Dave Shinskie

No. 15
- Position: Quarterback

Personal information
- Born: May 4, 1984 (age 41) Danville, Pennsylvania, U.S.
- Listed height: 6 ft 4 in (1.93 m)
- Listed weight: 209 lb (95 kg)

Career information
- High school: Mount Carmel (PA) Area
- College: Boston College (2009–2012);

= Dave Shinskie =

American football player (born 1984)

David Michael Shinskie (born May 4, 1984) is an American former football quarterback. Who played for Boston College.
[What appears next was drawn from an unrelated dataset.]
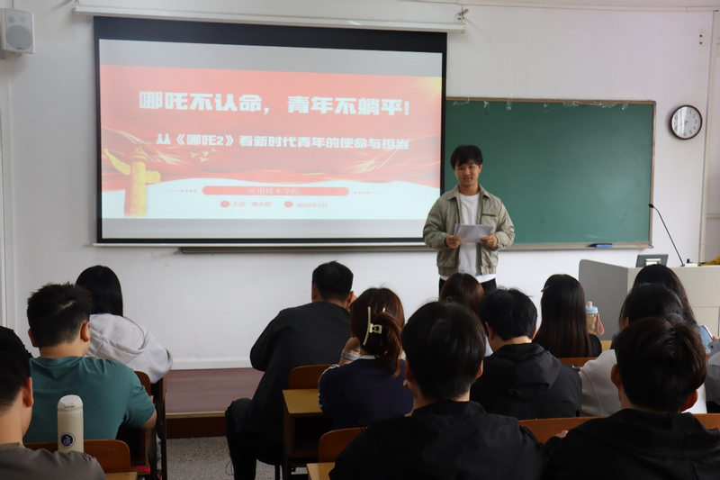 当前,部分大学生受社会竞争压力、就业焦虑等因素影响,出现“躺平”心态,表现为学习动力不足、目标模糊、消极应对挑战。2月26日2022级辅导员老师强志恒,给同学们带来了一场《哪吒不认命,青年不躺平》主题团课,以“哪吒”精神赋能当代大学生成长,点亮他们青春奋进之路。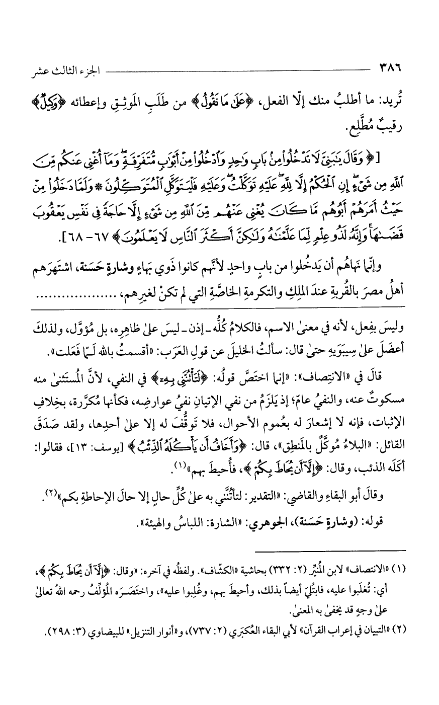 وإنما نهاهم أن يدخلوا من باب واحد، لأنهم كانوا ذوى بهاء وشارةٍ حسنة، اشتهرهم أهل مصر بالقربة عند الملك والتكرمة الخاصة التي لم تكن لغيرهم،

He was BC's starting quarterback for the 2009 season and the beginning of the 2010 season, but then lost the starting spot to Chase Rettig.

== Early life ==
Shinskie is the son of David and Joann Shinskie, the third-oldest of their four sons. He played football at Mount Carmel Area High School in Kulpmont, Pennsylvania. In his four years at Mount Carmel he threw 400 completions for 6,334 yards. In his junior season Shinskie threw 111 completions for 1,815 yards and 16 touchdowns, while in his senior season he threw 160 completions for 2,524 yards and 26 touchdowns. Shinskie also punted for the team. He earned Associated Press All-State first team honors and Associated Press Small School Player of the Year honors in his senior season. Shinksie also played baseball and basketball in high school, and initially went on to a career in professional baseball.

== Baseball career ==
Shinskie was drafted by the Minnesota Twins in the fourth round of the 2003 Major League Baseball draft. He ended his baseball career in 2009 playing for the New Hampshire Fisher Cats.

== College career ==

=== 2009 season ===
Shinskie played in all thirteen games of the 2009 Boston College season, starting the final ten games. He led the Eagles to the 2009 Emerald Bowl, where he completed 14 of 33 passes for 218 yards; the Eagles lost to USC 24–13. Shinskie threw for 2,049 yards and fifteen touchdowns during the season, setting Boston College freshman passing records.

=== 2010 season ===
Shinskie started the first three games of the 2010 season. Chase Rettig took over as the Eagles' starting quarterback for the latter part of the season.

=== 2011 season ===
Shinskie played in only two games in the 2011 season.